Use resetGuardrailsForTests() between tests to start from a known state. Pass { registerDefaults: false } to start with an empty registry and register only the guardrails under test. The Vision Bridge guardrail accepts dependency injection (deps.getSettings, deps.callVisionModel) so tests can exercise the full flow without DB or network access.

See Also

  • src/lib/guardrails/ — implementation
  • src/shared/utils/inputSanitizer.ts — shared detector that powers prompt-injection and PII masking
  • src/shared/constants/visionBridgeDefaults.ts — Vision Bridge defaults and forced-bridge model list
  • docs/architecture/RESILIENCE_GUIDE.md — orthogonal layer (circuit breaker, cooldowns)
  • docs/reference/ENVIRONMENT.md — full env var reference

Injection-guard route coverage & red-team (Fase 8 · Bloco D)

O injection-guard (createInjectionGuard / withInjectionGuard) cobre todas as rotas que aceitam prompt do usuário.

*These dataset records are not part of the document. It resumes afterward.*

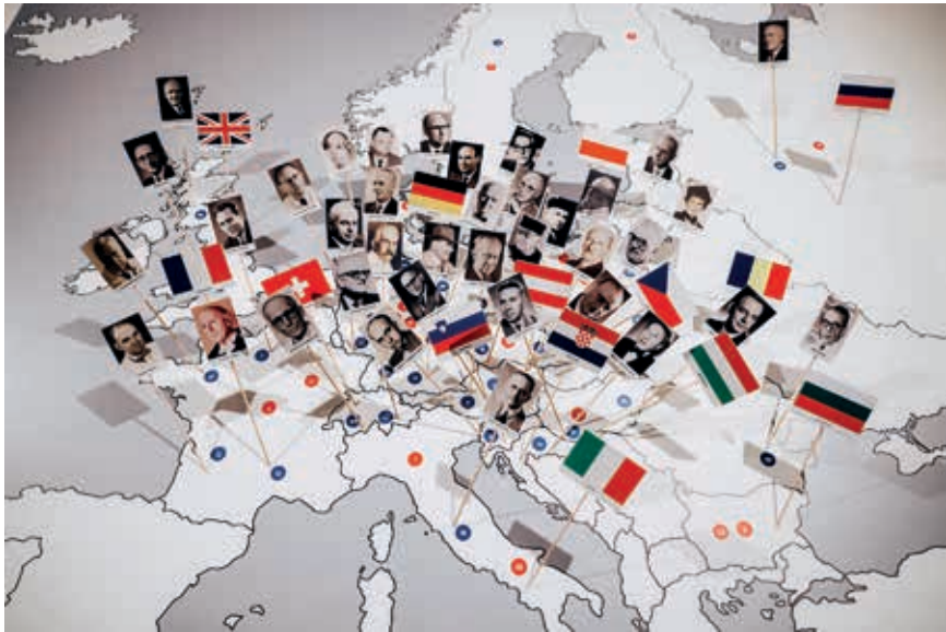
Slika 3. Prikaz Kogojeve dermatološke društvene mreže na karti Europe
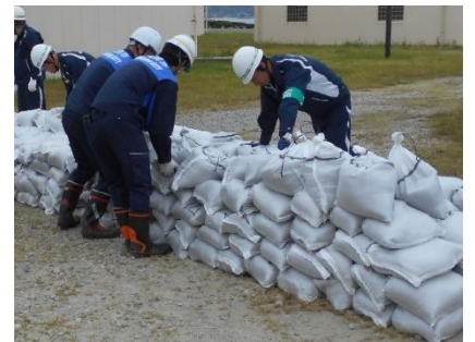
土のう積みの様子
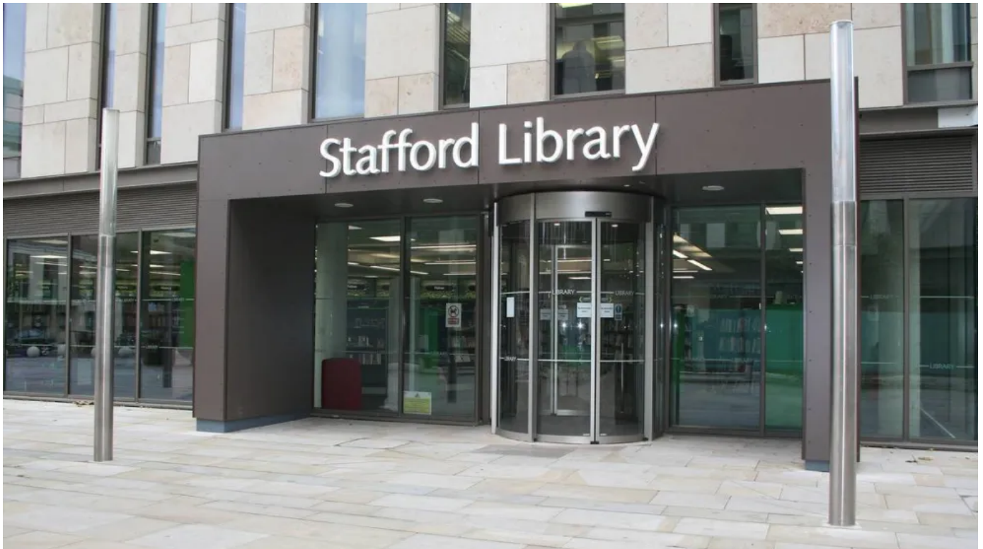
Stafford Library, UK

Gilgen bietet Rundschiebetüren in verschiedenen Radiusvarianten – nach außen oder innen gebogen bis hin zur kreisförmigen Windfanganlage –, optional mit Fluchtwegfunktion. Mit der runden Form lassen sich selbst bei engen Durchgangs-Situationen angenehme Raumverhältnisse realisieren.
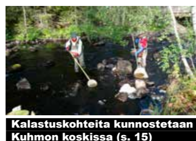
Kalastuskohteita kunnostetaan Kuhmon koskissa (s. 15)
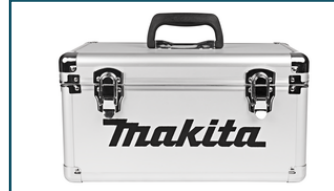
Koffer aluminium (1 stuks) - AS0VP007MK - 0088381455442
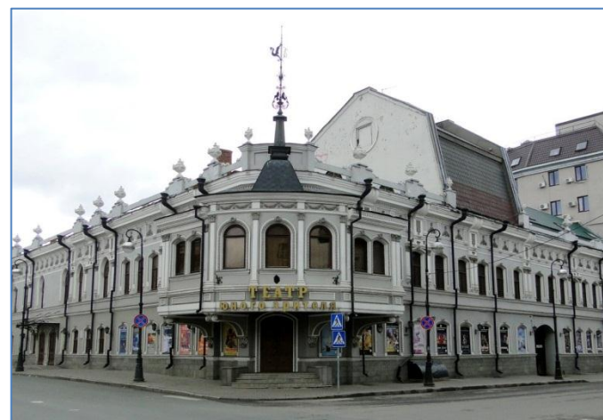
Театр юного зрителя, г.Казань
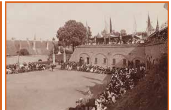
Feest op het terreplein, de toeschouwers zitten voor het kazernegebouw, 1906

Hier bevond zich ook het hoofdgebouw van het bastion, waar de manschappen verbleven en de schuilplaatsen waren. Het gebouw stond vroeger in verbinding met de twee holtraversen verder op het terrein, via een gang in de aarden omwalling.
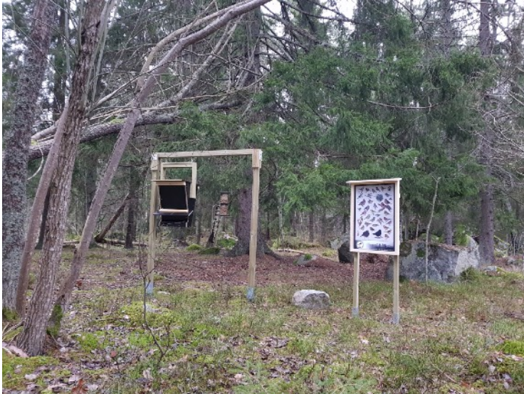
Fågelmatningen i Rimbo
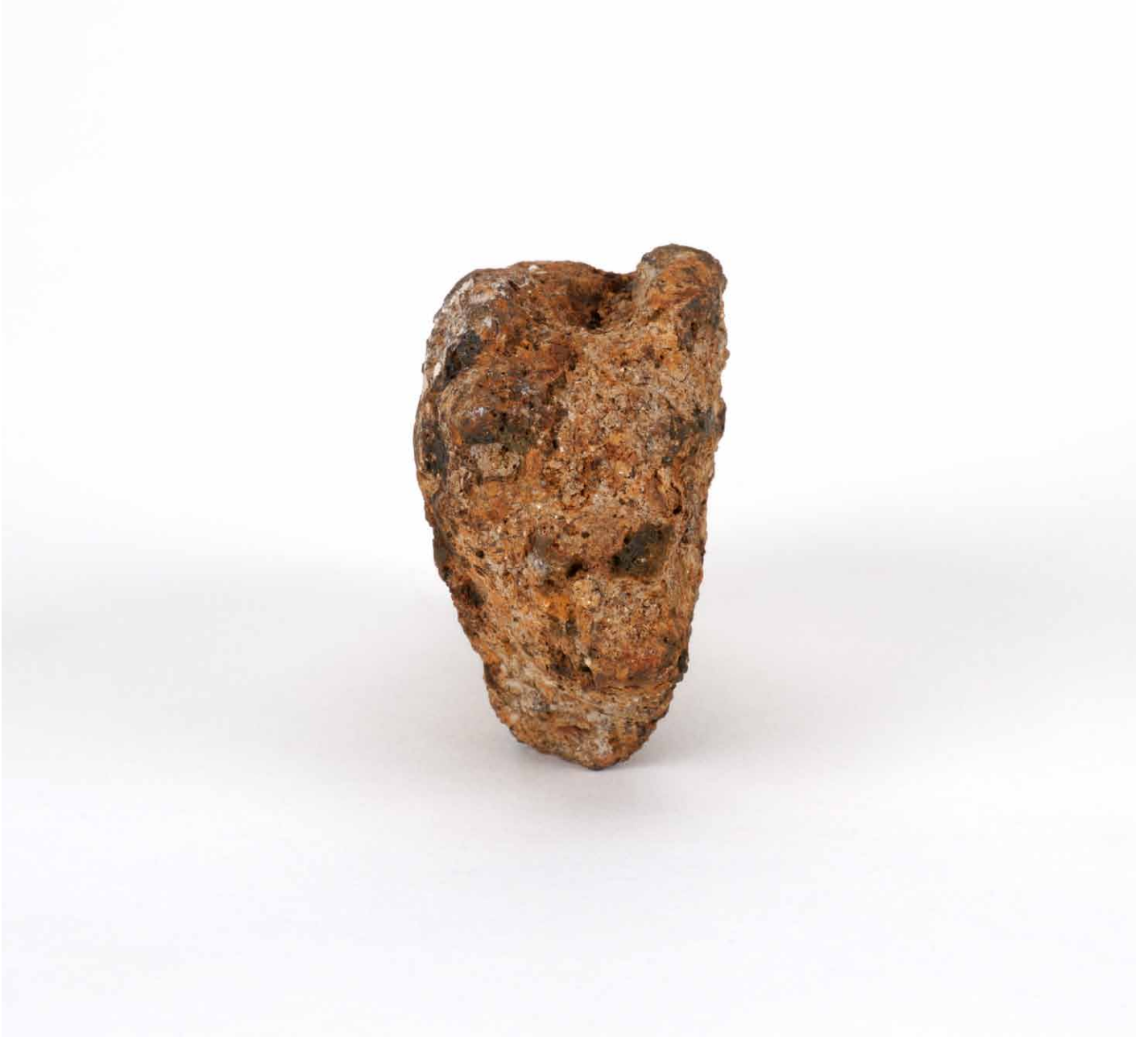
写真 94. 条 275SD050 茶灰色粘質土 側面
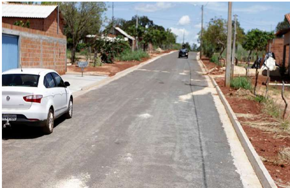
✓ Sítio Novo do Tocantins

Respeita INJECTION_GUARD_MODE (default warn = só loga; block = retorna HTTP 400 SECURITY_001).

Tipo Rotas Modo default
Texto (já existente) /v1/chat/completions, /v1/completions, /v1/relay/chat/completions warn
Generativas /v1/messages, /v1/responses, /v1/images/generations, /v1/images/edits, /v1/videos/generations, /v1/music/generations, /v1/audio/speech warn
Dados /v1/embeddings, /v1/rerank, /v1/search, /v1/moderations warn

A extração de texto (extractMessageContents) cobre messages/input/prompt/query+documents/instructions/system.

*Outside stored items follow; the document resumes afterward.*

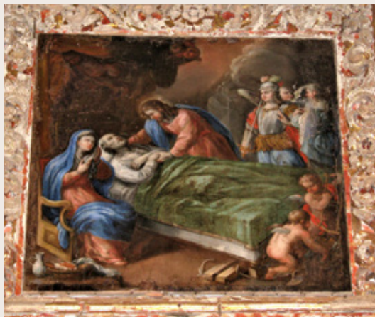
Iglesia de Santa María de Melón. Muerte de San José. Óleo siglo XVIII de muy curiosa iconografía.
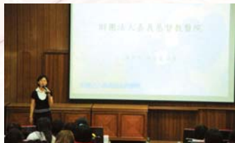
嘉義基督教醫院進行聯合徵才
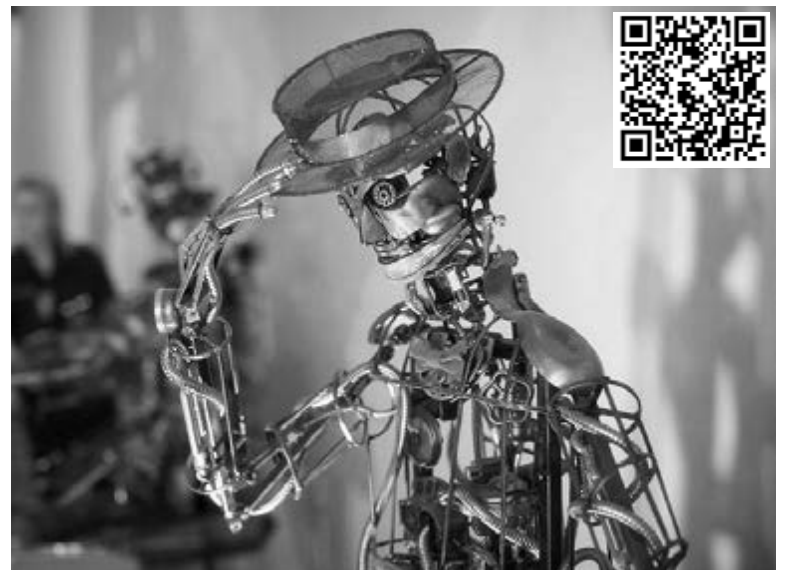
■ Робогостей ТГУ отличают вежливость и дружелюбие

мед. — Мы надеемся, что тольяттинские ребята, вдохновившись современными технологиями, захотят создать собственных роботов и примут участие во всероссийском конкурсе «Робостанция» на сайте проекта «Поколение М». Кстати, больше трети работ, выложенных на данный момент в номинации «Робостанция», созданы ребятами из Самарской области, так что в ближайшие годы наша губерния может прославиться не только благодаря космической промышленности и производству автомобилей, но и благодаря молодым
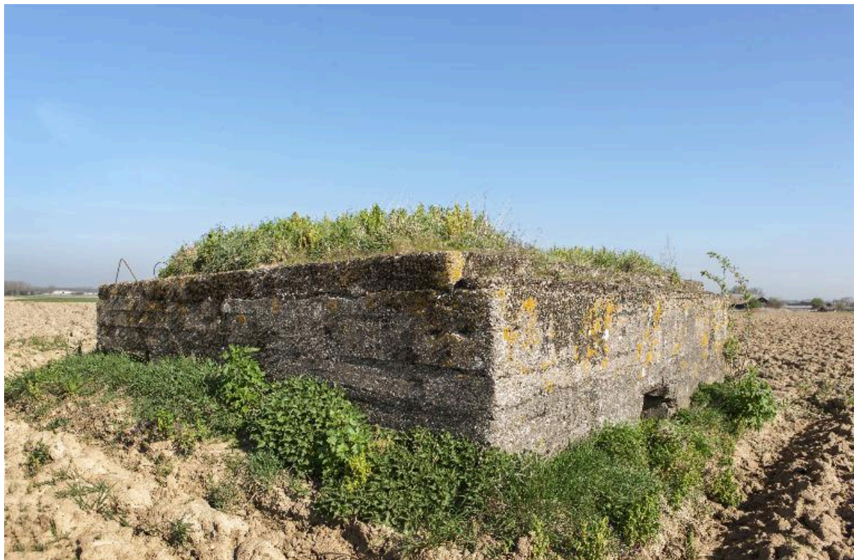
Vue de trois-quarts vers le nord
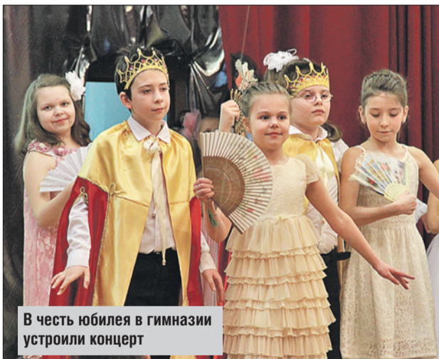
В честь юбилея в гимназии устроили концерт

— Я пришла работать в гимназию 50 лет назад и по опыту могу сказать, что дети очень изменились, — отмечает
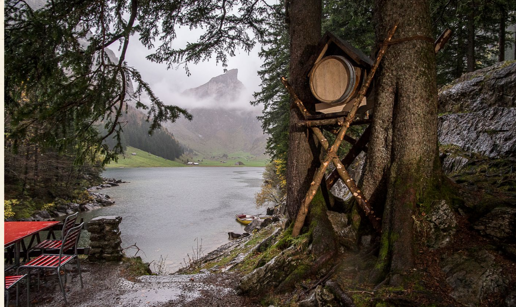
Säntis Malt Whisky Trek Appenzell

*nur für Firmenkunden, nur 1 Probierpaket pro Betrieb
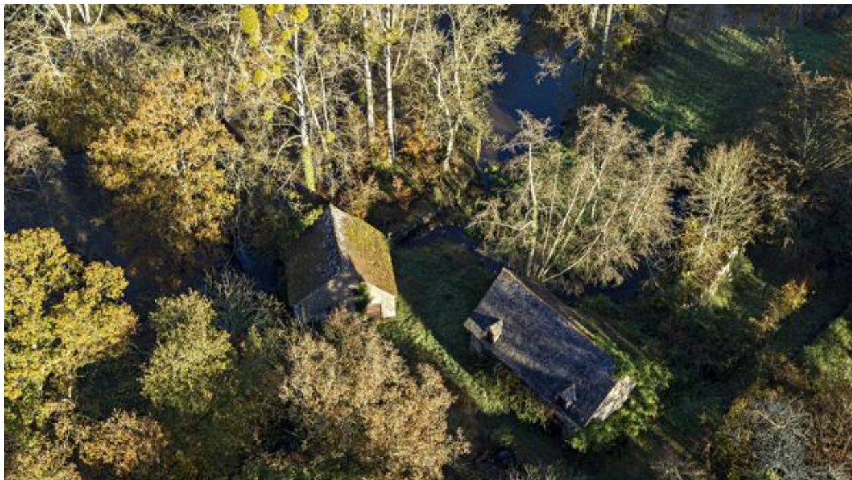
Hameau et étang.
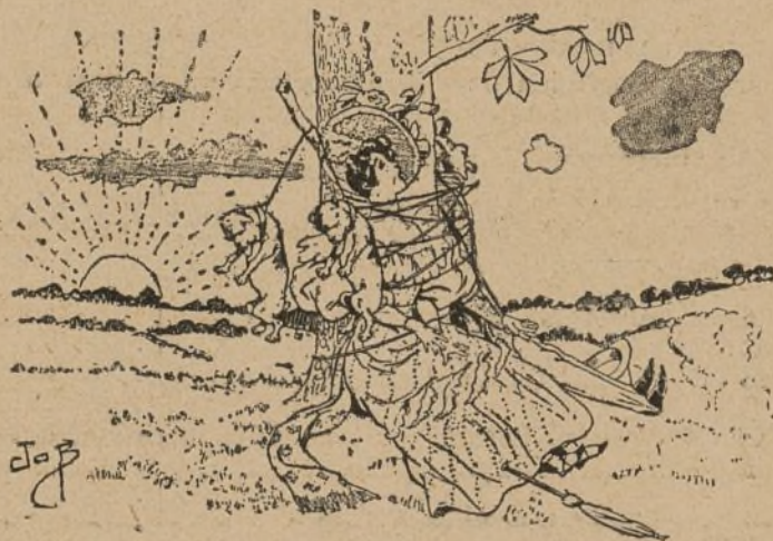
Y murieron solos.

Red-team (nightly, nightly-llm-security.yml): promptfoo valida que cada rota bloqueia o corpus OWASP-LLM em INJECTION_GUARD_MODE=block; garak roda probes (skip sem secret). moderations é incluída por consistência — operadores em block-mode podem isentá-la via resolveDisabledGuardrails.

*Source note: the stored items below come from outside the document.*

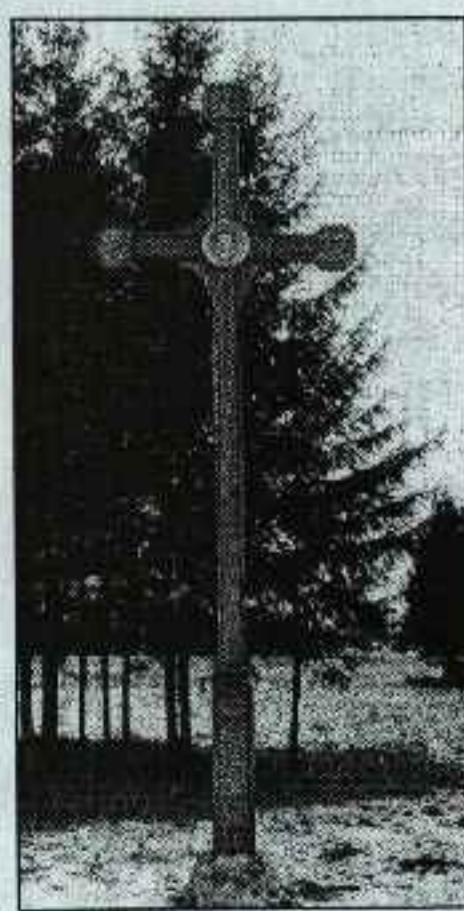
Padėkos norvegams kryžius.
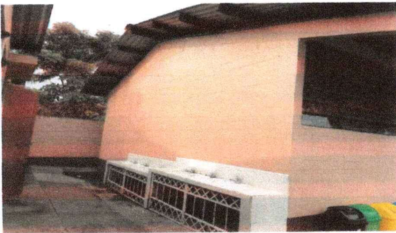
FOTO 3: Módulo de lavamanos: Sustitución de elementos de fijación
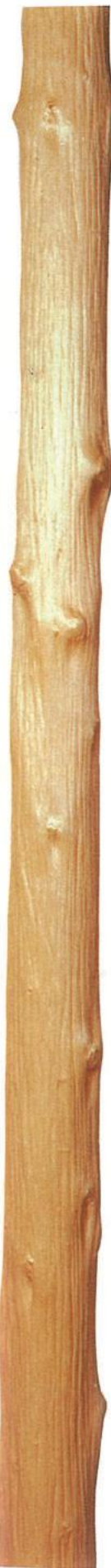
椎丸太 (しいまるた)
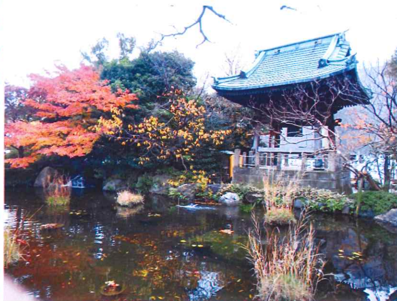
～西新井大師境内の鐘楼堂と池～

綺麗な紅葉ですね。今年は秋らしい秋も感じられず寒気がやってきたので、素敵な紅葉がみられて嬉しいです。
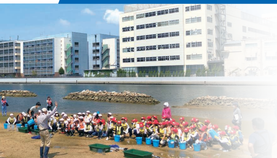
兵庫運河での環境学習
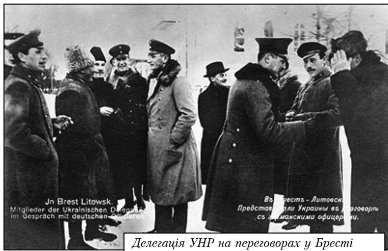
Делегація УНР на переговорах у Бресті

Якщо Німеччина після підписання миру могла відразу перейти до здійснення заходів щодо української проблеми, то Австро-Угорщина постала перед протестами поляків, що набули несподівано великих масштабів і змусили віденський уряд зосередити зусилля на упередженні серйозної внутрішньополітичної кризи. Зокрема, Регентська рада у Варшаві заявила протест проти укладення Брестського миру, уряд Кухаржевського, військовий генерал-губернатор граф С. Шептицький і всі поляки – міністри австро-угорського уряду – демонстративно подали у відставку [15]. 15 лютого збунтувалися усі частини польського легіону, і практично по всій Галичині розпочалися демонстрації поляків під «антидержавними й антидинастичними гаслами», які тривали до кінця березня [16]. Однією з причин настільки масових протестів стало те, що члени української делегації у Бресті, попри домовленість тримати секретні протоколи про відступлення Холмщини й поділ Галичини у таємниці, на шляху до Відня, де мали відбутися переговори про австрійську воєнну допомогу, не втрималися від спокуси повідомити львівським побратимам про ці рішення. Складно встановити, хто без-
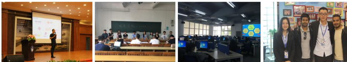
跨境电商企业创新创业大讲堂。
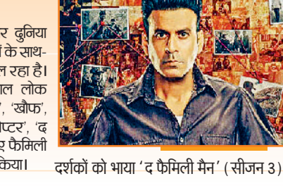
दर्शकों को भाया 'द फैमिली मैन' (सीजन 3)

बीते कुछ वर्षों में एंटरटेनमेंट की एक उमंगान्तर बुनिया विकसित हुई है। इन दिनों थिएटर में रिलीज फिल्मों के साथ-साथ ओटीटी शो को भी दर्शकों का खूब प्यार मिल रहा है। 'द बैड्स ऑफ बॉलीवुड', 'ब्लैक वॉटर', 'पाताल लोक (सीजन 2)', 'पंचायत (सीजन 4)', 'मंडला मर्डर्स', 'खोफ', 'स्पेशल ऑप्स (सीजन 2)', 'आका: द बंगल चैप्टर', 'द फैमिली मैन (सीजन 3)' और 'किंगडम जस्टिस: ए फैमिली मैट' जैसे ओटीटी शो को दर्शकों ने खूब पसंद किया।

The nightly workflow (.github/workflows/nightly-llm-security.yml, cron + manual dispatch) has two jobs:

  • promptfoo-guard (blocking) — runs promptfoo eval -c promptfooconfig.yaml with INJECTION_GUARD_MODE=block. Each adversarial case (e.g. "ignore all previous instructions…", DAN-style jailbreaks) asserts the response carries error.code === "SECURITY_001", i.e. the guard actually rejected the request.
  • garak (advisory) — runs garak --probes promptinject,dan,leakreplay against a local OmniRoute instance (http://localhost:20128/v1). Gated on a provider secret (PROMPTFOO_PROVIDER_KEY); skips gracefully and is suffixed || true, so it reports without failing CI.

Coverage of the guard helper (createInjectionGuard / withInjectionGuard) spans every prompt-bearing /v1 route; prompt text is pulled from messages/input/prompt/query+documents/instructions/system by extractMessageContents() in src/shared/utils/inputSanitizer.ts.